_Source material_.
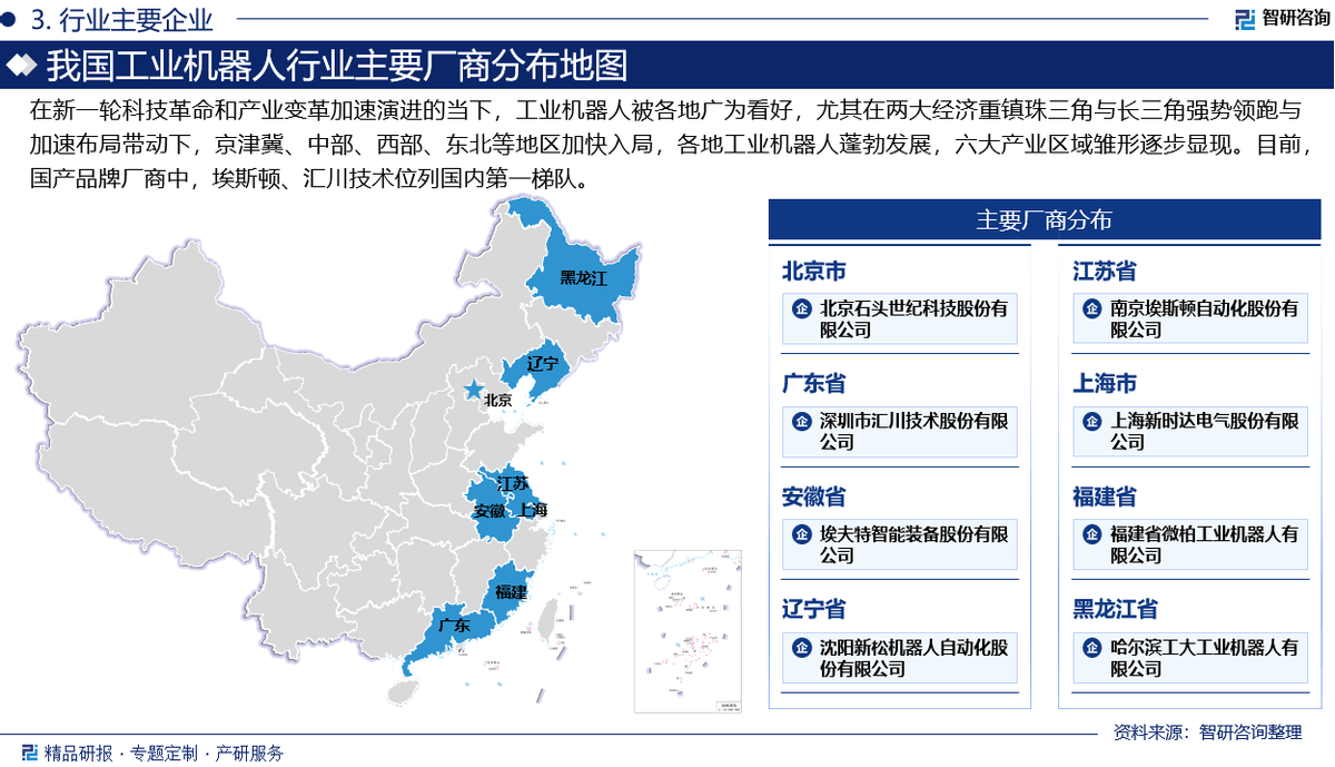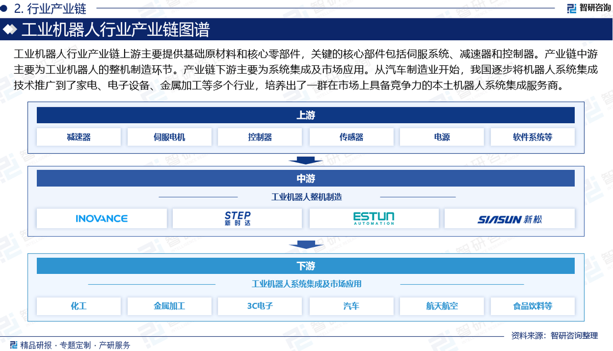 3:演讲焦点数据基于智研团队严酷的数据采集、筛选、加工、阐发系统以及自从测算模子,确保统计数据的精确靠得住。 此外,我们还出格关心了全球范畴内的行业领先企业,通过对比阐发它们的运营策略、市场结构以及立异能力,为业界读者供给了贵重的行业洞察取运营。 财产链下逛次要为系统集成及市场使用,是我国工业机械人财产链中最早取得进展的部门,为鞭策工业机械人的本土化使用阐扬了主要感化。从汽车制制业起头,我国逐渐将机械人系统集成手艺推广到了家电、电子设备、金属加工等多个行业,培育出了一群正在市场上具备合作力的本土机械人系统集成办事商,例如埃斯顿、新松机械人和汇川手艺等。 智研征询做为中国财产征询范畴带领品牌,以“用消息驱动财产成长,为企业投资决策赋能”为品牌。公司融合定量阐发取定性阐发方式,用自从研发算法,连系行业交叉大数据,通过多元化阐发,挖掘定量数据背后根因,分解定性内容背后逻辑,审慎地预测行业将来成长趋向,为客户供给专业的行业阐发、市场研究、数据洞察、计谋征询及相关处理方案,帮力客户提拔认知程度、盈利能力和分析合作力。次要办事包含精操行研演讲、专项定制、月度专题、可研演讲、贸易打算书、财产规划等。供给周报/月报/季报/年报等按期演讲和定制数据,内容涵盖政策监测、企业动态、行业数据、产物价钱变化、投融资概览、市场机缘及风险阐发等。 2:除一手调研消息和数据外,国度统计局、中国海关、行业协会、上市公司公开演讲(招股仿单、让渡仿单、年报、问询演讲等)等权势巨子数据源亦配合形成本演讲的数据来历。一手材料来历于研究团队对行业内沉点企业获取的一手消息数据,次要采访对象有企业高管、行业专家、手艺担任人、下旅客户、分销商、代办署理商、经销商以及上逛原料供应商等;二手材料来历次要包罗全球范畴相关行业旧事、公司年报、非盈利性组织、行业协会、机构及第三方数据库等。
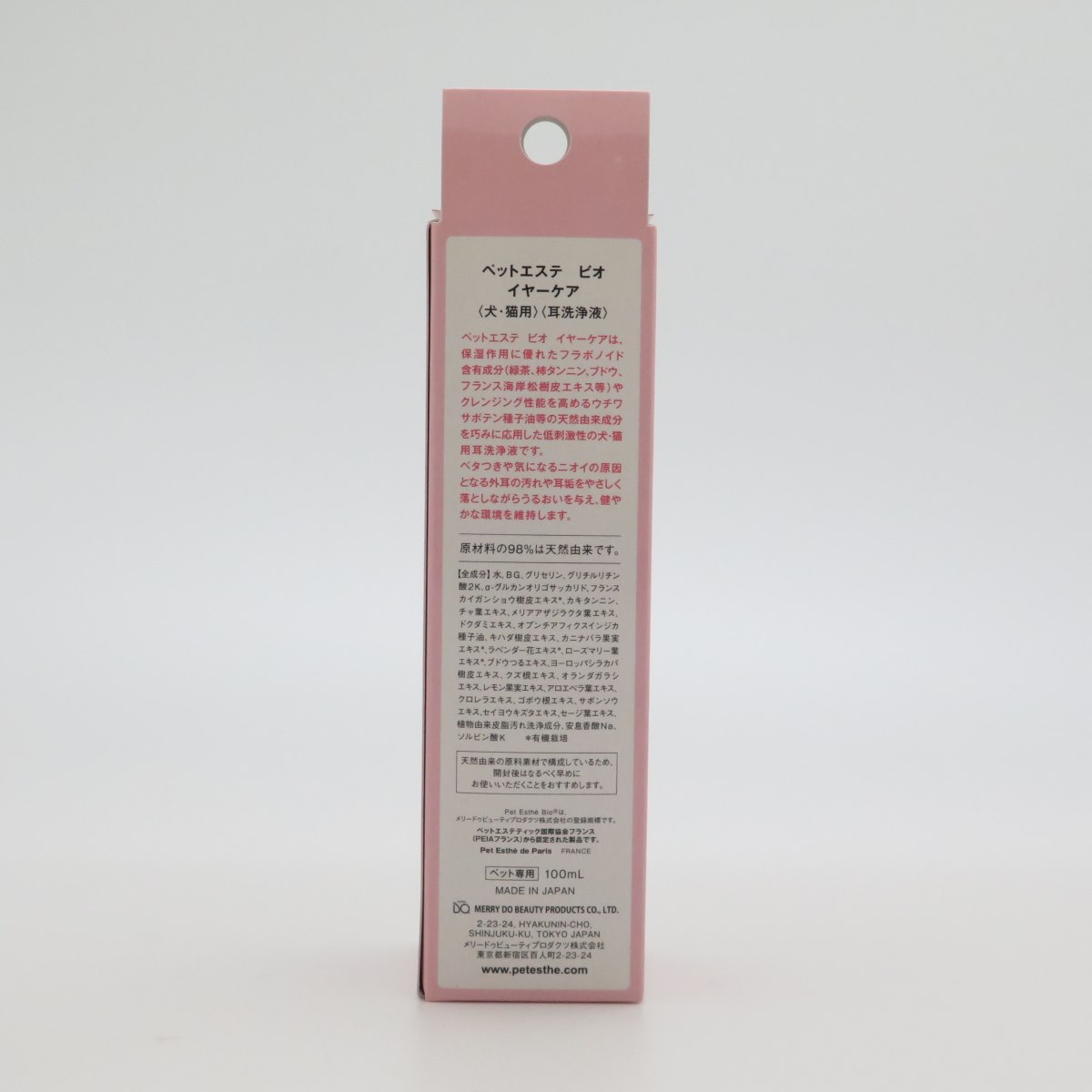 保湿作用に優れたフラボノイド含有成分(緑茶、柿タンニン、ブドウ、フランス海岸松樹皮エキス等)やクレンジング性能を高めるウチワサボテン種子油等の天然由来成分を巧みに応用した低刺激性の犬猫用耳洗浄液です。
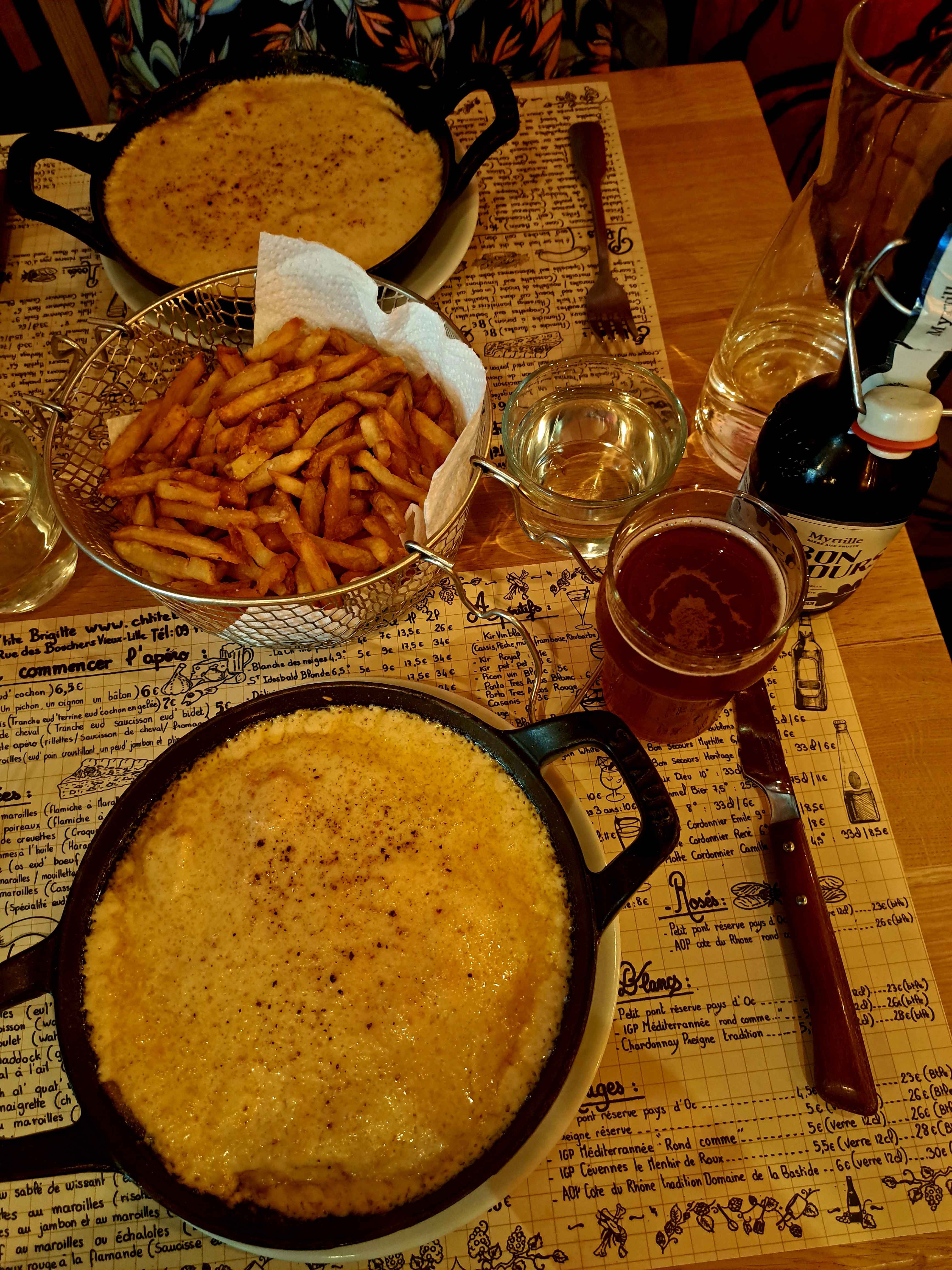 SUPER MOMENT ! 🧀🧀 Un EXCELLENT estaminet ET une ambiance au top par le staff du restaurant ! 😍😍 Pour nous, meilleur estaminet de Lille ! Un welsh au top et unique avec sa marmitte de frite mais gardez une place pour les desserts qui sont tout aussi excellents et fait maison 🍰 Je conseille sa crème brûlée speculos : Miaaaaam! 😋 Mais attention faute de son énorme succès, il est indispensable de réserver et ne pas confondre avec Chez Brigitte (comme nous l'avions fait 😅) situé juste en face qui semble être très bon aussi mais pas du tout un estaminet 🤗 MERCI A VOUS POUR CETTE EXCELLENTE SOIREE ! 🌞 Nous reviendrons sans hésiter !!!
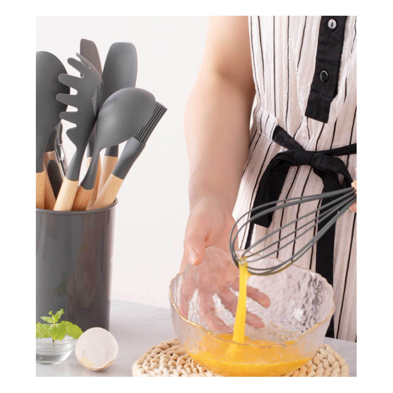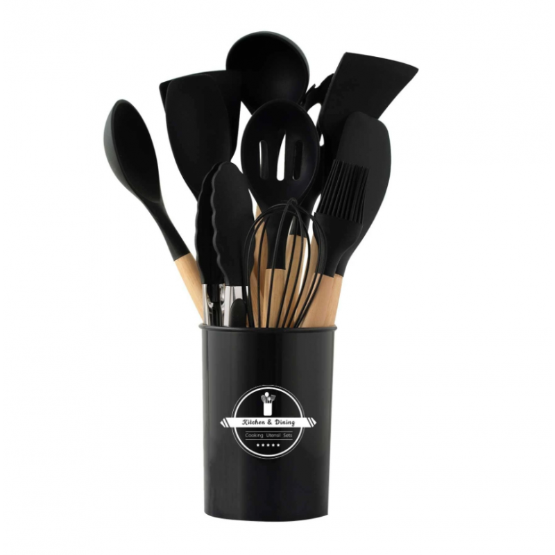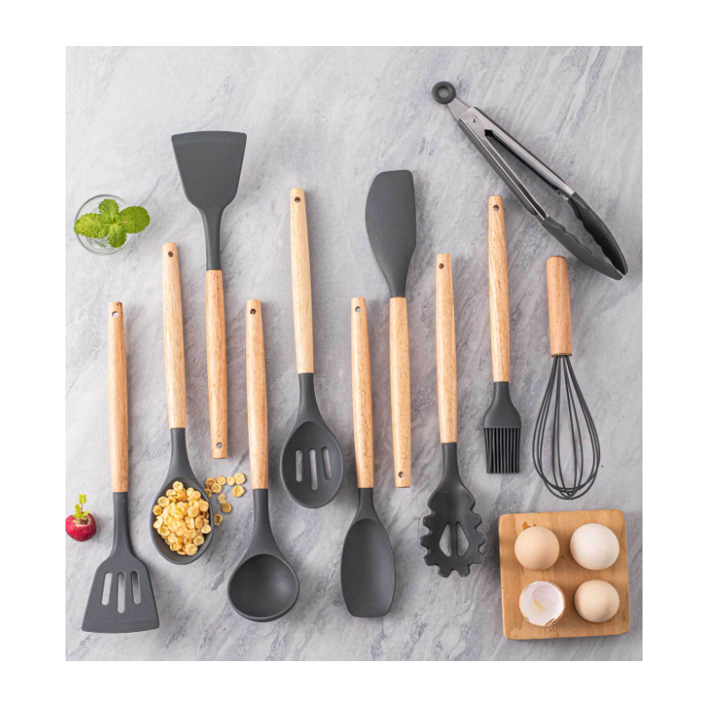 طقم مقبض خشبي سيليكون أدوات المطبخ 12 قطعة لا ينصح باستخدامها في جلايات الصحون
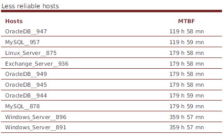 Description: For multiple hostgroups, this table diplays detailed statistics on host maintenanbility, reliabinity and alarms, filtred by host categories
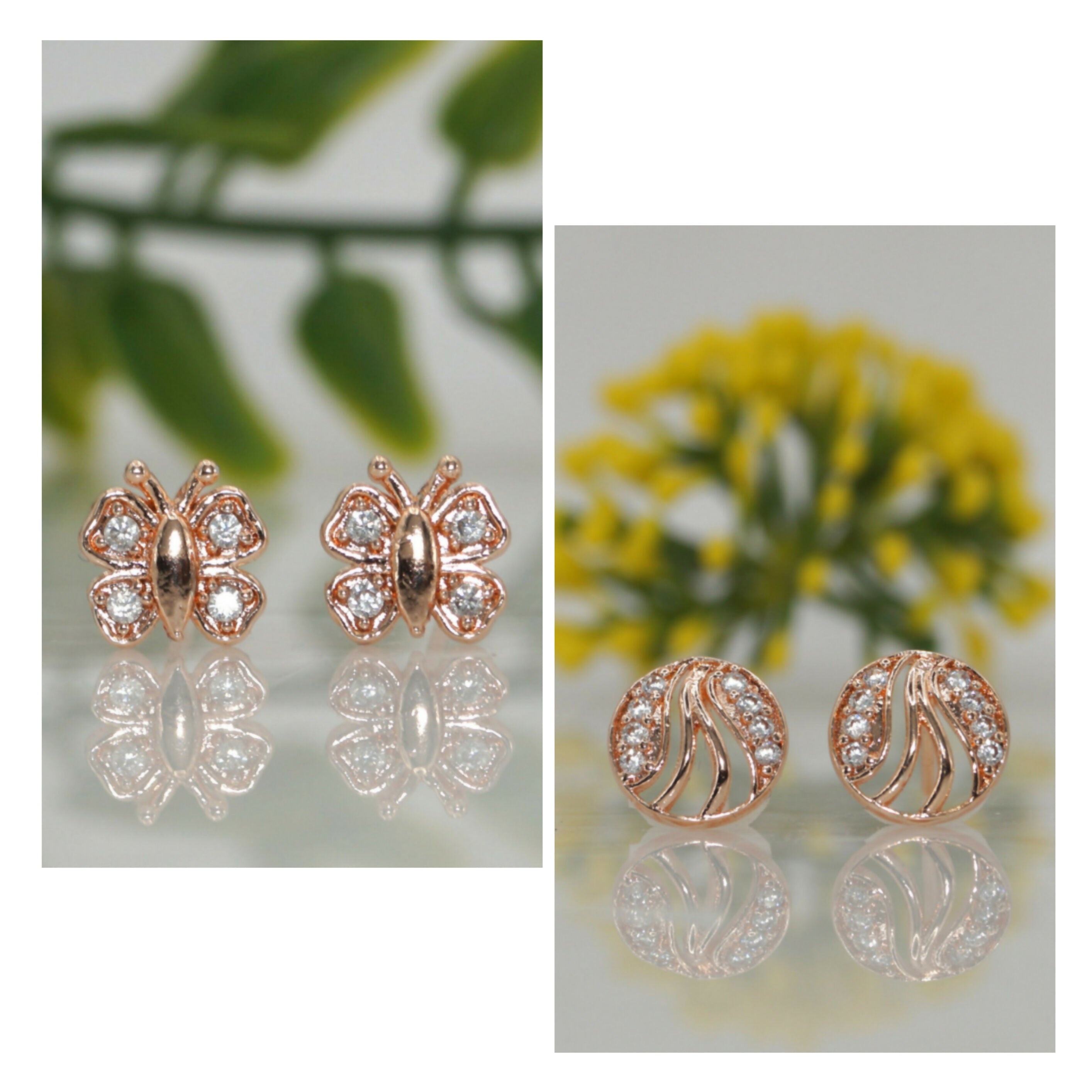 Rose Gold Plated AD Stud Earrings Set (Butterfly & Round) for women and girls Combo Pack of 2
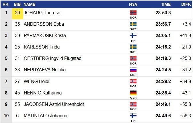Норвежская лыжница Тереза Йохауг в упорной борьбе со шведкой Эббой Андерссон выиграла разделку на 10 км классикой на этапе Кубка мира в Лахти. Третьей стала финка Криста Пармакоски.
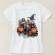Halloween Witchy Tee Apothecary Watercolor shows bottles, potions, pumpkins, witches hat, in fall watercolor colours
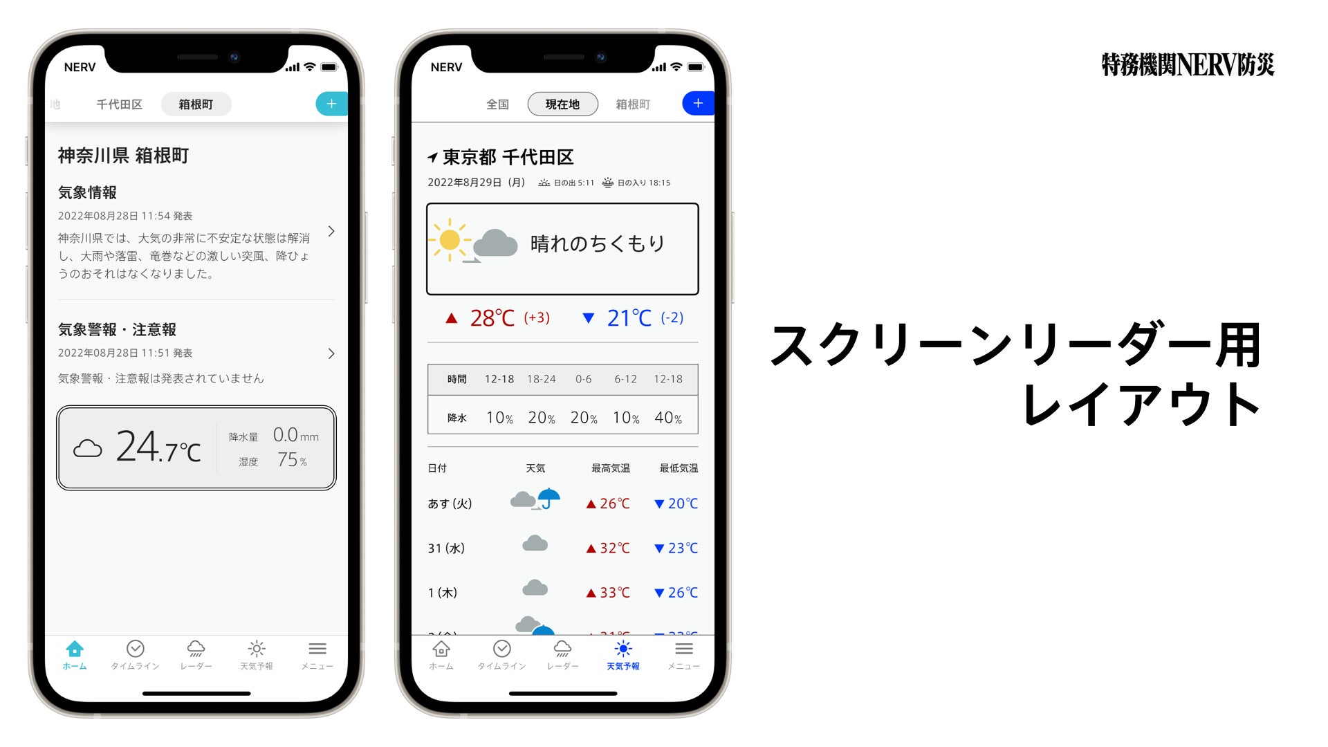 「特務機関NERV防災」アプリ、アクセシビリティ機能を大幅強化

_Task objective_.
From the first line to the last, copy the records above exactly and drop any pictures.

_Output of the task_.
 3:演讲焦点数据基于智研团队严酷的数据采集、筛选、加工、阐发系统以及自从测算模子,确保统计数据的精确靠得住。 此外,我们还出格关心了全球范畴内的行业领先企业,通过对比阐发它们的运营策略、市场结构以及立异能力,为业界读者供给了贵重的行业洞察取运营。 财产链下逛次要为系统集成及市场使用,是我国工业机械人财产链中最早取得进展的部门,为鞭策工业机械人的本土化使用阐扬了主要感化。从汽车制制业起头,我国逐渐将机械人系统集成手艺推广到了家电、电子设备、金属加工等多个行业,培育出了一群正在市场上具备合作力的本土机械人系统集成办事商,例如埃斯顿、新松机械人和汇川手艺等。 智研征询做为中国财产征询范畴带领品牌,以“用消息驱动财产成长,为企业投资决策赋能”为品牌。公司融合定量阐发取定性阐发方式,用自从研发算法,连系行业交叉大数据,通过多元化阐发,挖掘定量数据背后根因,分解定性内容背后逻辑,审慎地预测行业将来成长趋向,为客户供给专业的行业阐发、市场研究、数据洞察、计谋征询及相关处理方案,帮力客户提拔认知程度、盈利能力和分析合作力。次要办事包含精操行研演讲、专项定制、月度专题、可研演讲、贸易打算书、财产规划等。供给周报/月报/季报/年报等按期演讲和定制数据,内容涵盖政策监测、企业动态、行业数据、产物价钱变化、投融资概览、市场机缘及风险阐发等。 2:除一手调研消息和数据外,国度统计局、中国海关、行业协会、上市公司公开演讲(招股仿单、让渡仿单、年报、问询演讲等)等权势巨子数据源亦配合形成本演讲的数据来历。一手材料来历于研究团队对行业内沉点企业获取的一手消息数据,次要采访对象有企业高管、行业专家、手艺担任人、下旅客户、分销商、代办署理商、经销商以及上逛原料供应商等;二手材料来历次要包罗全球范畴相关行业旧事、公司年报、非盈利性组织、行业协会、机构及第三方数据库等。
 保湿作用に優れたフラボノイド含有成分(緑茶、柿タンニン、ブドウ、フランス海岸松樹皮エキス等)やクレンジング性能を高めるウチワサボテン種子油等の天然由来成分を巧みに応用した低刺激性の犬猫用耳洗浄液です。
 SUPER MOMENT ! 🧀🧀 Un EXCELLENT estaminet ET une ambiance au top par le staff du restaurant ! 😍😍 Pour nous, meilleur estaminet de Lille ! Un welsh au top et unique avec sa marmitte de frite mais gardez une place pour les desserts qui sont tout aussi excellents et fait maison 🍰 Je conseille sa crème brûlée speculos : Miaaaaam! 😋 Mais attention faute de son énorme succès, il est indispensable de réserver et ne pas confondre avec Chez Brigitte (comme nous l'avions fait 😅) situé juste en face qui semble être très bon aussi mais pas du tout un estaminet 🤗 MERCI A VOUS POUR CETTE EXCELLENTE SOIREE ! 🌞 Nous reviendrons sans hésiter !!!
 طقم مقبض خشبي سيليكون أدوات المطبخ 12 قطعة لا ينصح باستخدامها في جلايات الصحون
 Description: For multiple hostgroups, this table diplays detailed statistics on host maintenanbility, reliabinity and alarms, filtred by host categories
 Rose Gold Plated AD Stud Earrings Set (Butterfly & Round) for women and girls Combo Pack of 2
Норвежская лыжница Тереза Йохауг в упорной борьбе со шведкой Эббой Андерссон выиграла разделку на 10 км классикой на этапе Кубка мира в Лахти. Третьей стала финка Криста Пармакоски.
Halloween Witchy Tee Apothecary Watercolor shows bottles, potions, pumpkins, witches hat, in fall watercolor colours
 「特務機関NERV防災」アプリ、アクセシビリティ機能を大幅強化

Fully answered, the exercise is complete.